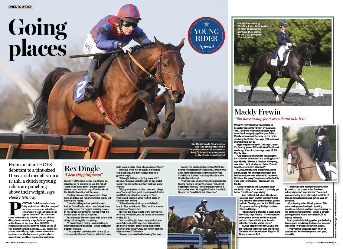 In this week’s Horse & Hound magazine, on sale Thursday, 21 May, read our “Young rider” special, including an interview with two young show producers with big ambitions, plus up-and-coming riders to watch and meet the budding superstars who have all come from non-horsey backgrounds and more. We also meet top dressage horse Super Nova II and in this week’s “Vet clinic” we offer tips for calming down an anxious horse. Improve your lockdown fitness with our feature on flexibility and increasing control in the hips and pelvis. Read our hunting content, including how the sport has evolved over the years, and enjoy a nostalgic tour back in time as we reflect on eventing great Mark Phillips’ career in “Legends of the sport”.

* * *

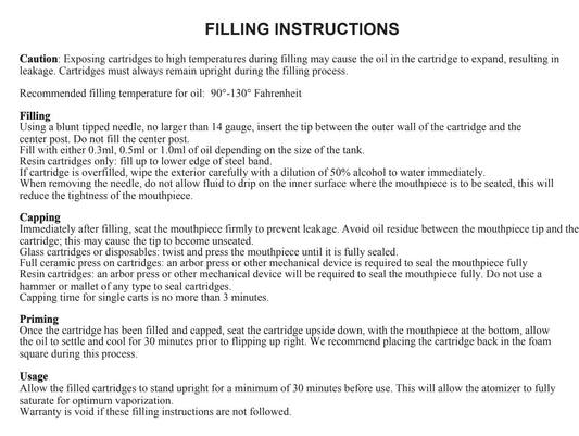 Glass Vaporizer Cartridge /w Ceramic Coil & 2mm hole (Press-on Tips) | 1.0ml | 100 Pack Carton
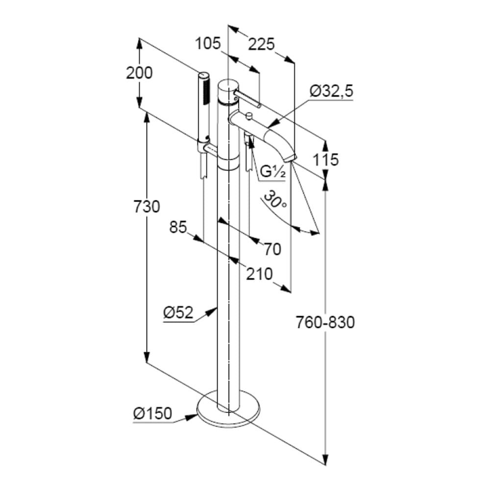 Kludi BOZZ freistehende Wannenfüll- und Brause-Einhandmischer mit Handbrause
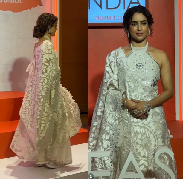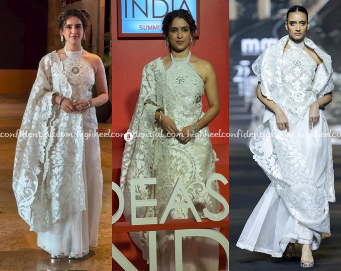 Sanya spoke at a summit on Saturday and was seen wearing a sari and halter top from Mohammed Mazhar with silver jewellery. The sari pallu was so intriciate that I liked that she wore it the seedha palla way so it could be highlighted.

#### WHAT TO DO:
Skipping every picture, transcribe exactly the lines above from the one containing "Glass Vaporizer Cartridge" through the one containing "Sanya spoke at", both included.

#### EXERCISE RESULT:
 Glass Vaporizer Cartridge /w Ceramic Coil & 2mm hole (Press-on Tips) | 1.0ml | 100 Pack Carton
 Kludi BOZZ freistehende Wannenfüll- und Brause-Einhandmischer mit Handbrause
 Sanya spoke at a summit on Saturday and was seen wearing a sari and halter top from Mohammed Mazhar with silver jewellery. The sari pallu was so intriciate that I liked that she wore it the seedha palla way so it could be highlighted.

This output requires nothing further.